Question

A ball moves over a fixed track as shown in the figure. From $A$ to $B$, the ball rolls without slipping. Surface $BC$ is frictionless. $K_{A}, K_{B}$ and $K_{C}$ are kinetic energies of the ball at $A, B$ and $C$, respectively.

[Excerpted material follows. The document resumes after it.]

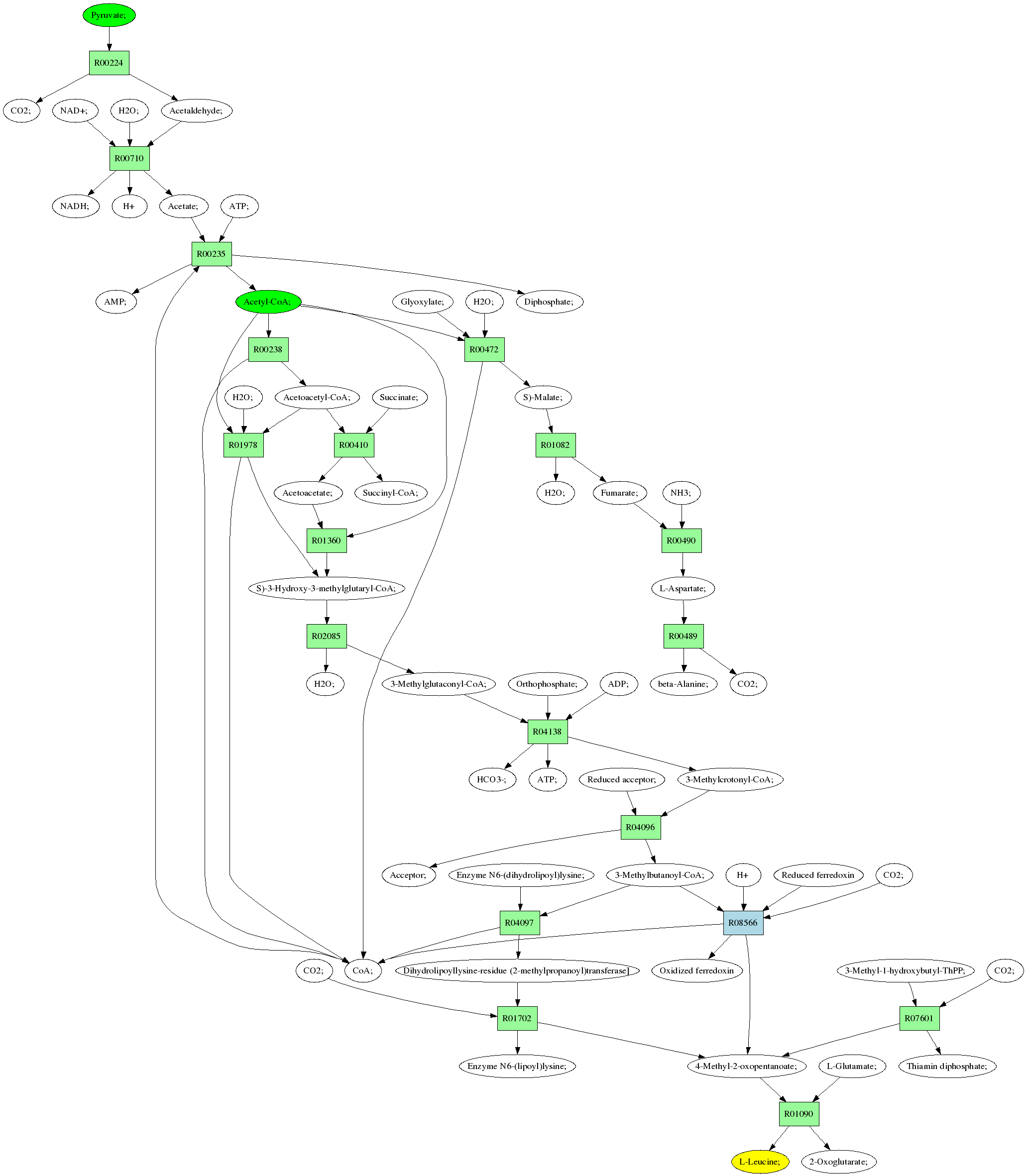 | RP01666 | R08566 | 41 | TRIRE0081576 | O58413|VORA_PYRHO | 0.011 | 1.2.7.7 | CoA; + 4-Methyl-2-oxopentanoate; + Oxidized ferredoxin <=> 3-Methylbutanoyl-CoA; + CO2; + H+ + Reduced ferredoxin |

Then

• A. $h_{A}>h_{C} ; K_{B}>K_{C}$
• B. $h_{A}>h_{C} ; K_{C}>K_{A}$
• C. $h_{A}=h_{C} ; K_{B}=K_{C}$
• D. $h_{A} < h_{C} ; K_{B}>K_{C}$

Answer 1

Answer: (A), (B), (D)

Using conservation of energy, we can write the following:
$E_{A}=m g h_{A}+K_{A}(1) $
$E_{B}=K_{B}(2) $
$E_{C}=m g h_{C}+K_{C}(3)$

Since $E_{A}=E_{B}=E_{C}$, we have the following:
$K_{B} > K_{A}$
$K_{B} > K_{C}$
From Eqs. (1) and (3), we get
$E_{A}-E_{C}=0$
That is,
$m g\left(h_{A}-h_{C}\right)+\left[K_{A}-K_{C}\right]=0$
$h_{A}-h_{C}=\frac{K_{C}-K_{A}}{m g}$
From kinetic energy $K_{B}$, only translational part gets converted into potential energy at point $C$, we get $h_{C} < h_{A}$. Therefore, $K_{C} > K_{A}$